The chef Sylvan Mishima Brackett’s San Francisco izakaya, Rintaro, will turn 10 next year, and in a city crowded with good places to eat, and a state with access to spectacular ingredients year-round, it still stands out. The restaurant’s courtyard, hidden from the street behind a nondescript door, is filled with fragrant fruit trees (including a persimmon and four yuzu) and in the main dining rooms, guests can watch cooks grilling skewers of chicken behind a hinoki counter or preparing glossy sashimi in the open kitchen. Brackett worked at the chef Alice Waters’s farm-to-table institution Chez Panisse in Berkeley, Calif. — first as her assistant and later as a creative director — before opening his own restaurant, and he shares her commitment to seasonal and local ingredients, putting them to use in dishes informed by the food of his mother’s native Japan.

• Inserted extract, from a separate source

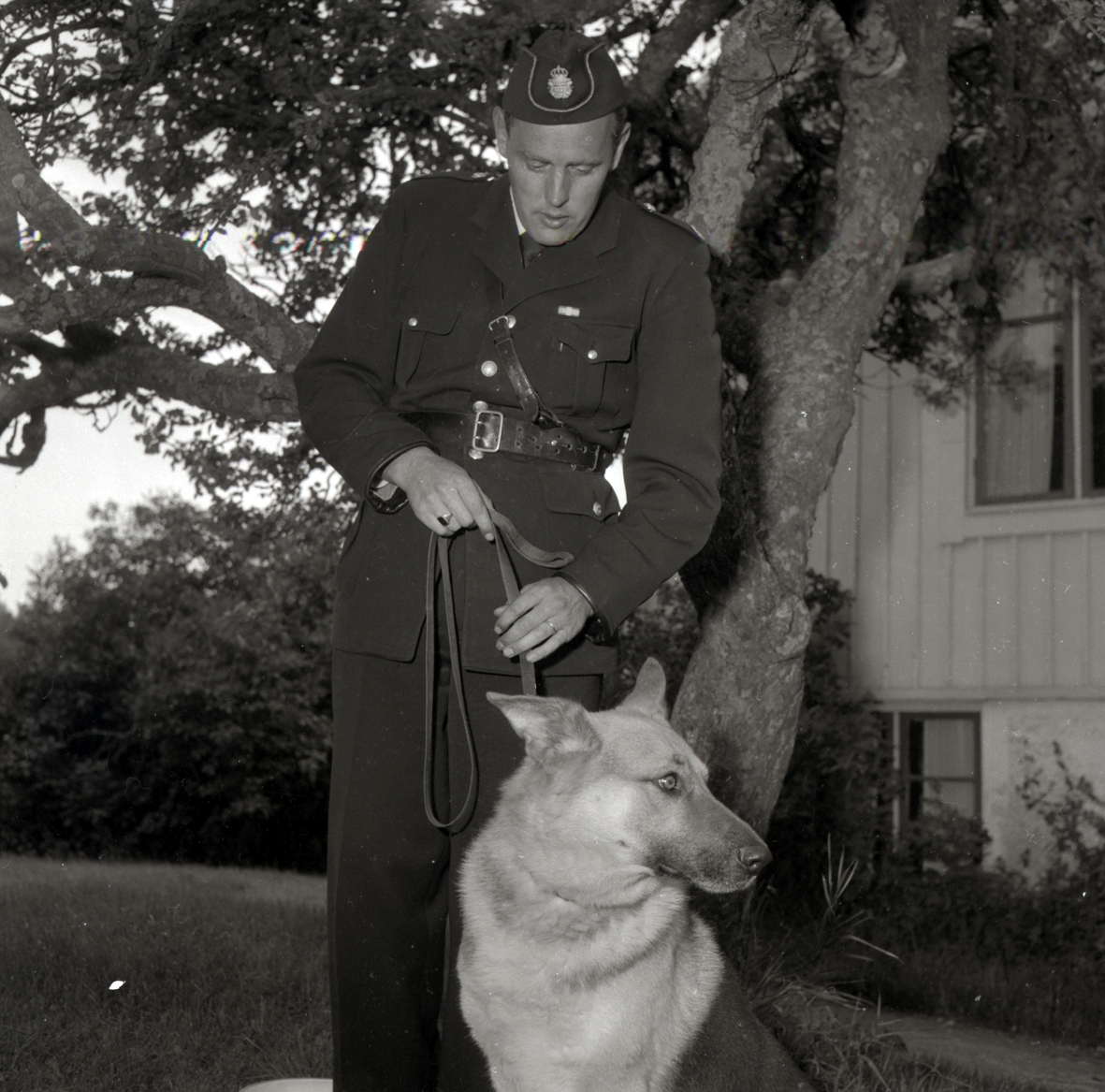 Brand i Norra Möckleby, Hagby. Polis med sökhund.

Among the Japanese traditions Rintaro upholds is the making of osechi bento, handcrafted multitiered cedar boxes containing customary Japanese New Year’s foods. Each December, locals can order one in advance of the holiday, knowing that it might contain delicacies such as cured steelhead trout roe and Santa Barbara spot prawns. At the very end of 2022, however, just as Rintaro’s staff were putting the finishing touches on the boxes, a flood swept through the restaurant. Not only were the precious bento — which take Brackett and his team nearly a week to prepare — destroyed, but the restaurant sustained significant damage. (After closing for repairs, Rintaro reopened that February.)
Following that dramatic start to 2023, Brackett and his wife, Jenny Wapner, a book publisher, opted for a quiet New Year’s Day celebration this year. Instead of making bento for the public, Brackett and his mother cooked a special meal for their family and close friends at Brackett and Wapner’s Craftsman bungalow in Oakland. Using ingredients sourced from Japan and California (which Brackett often calls the “Westernmost prefecture of Japan”), such as wasabi from Half Moon Bay and greens from a Japanese-owned farm in Watsonville, the two prepared a feast comprising a dozen dishes — a mix of Japanese New Year’s staples and family favorites. The day began with a raucous kid-led gift exchange, and the same energy continued into the evening. After dinner, Brackett and Wapner’s son suggested lighting some fireworks leftover from the Fourth of July, and everyone headed outside to welcome the New Year with flashes and bangs.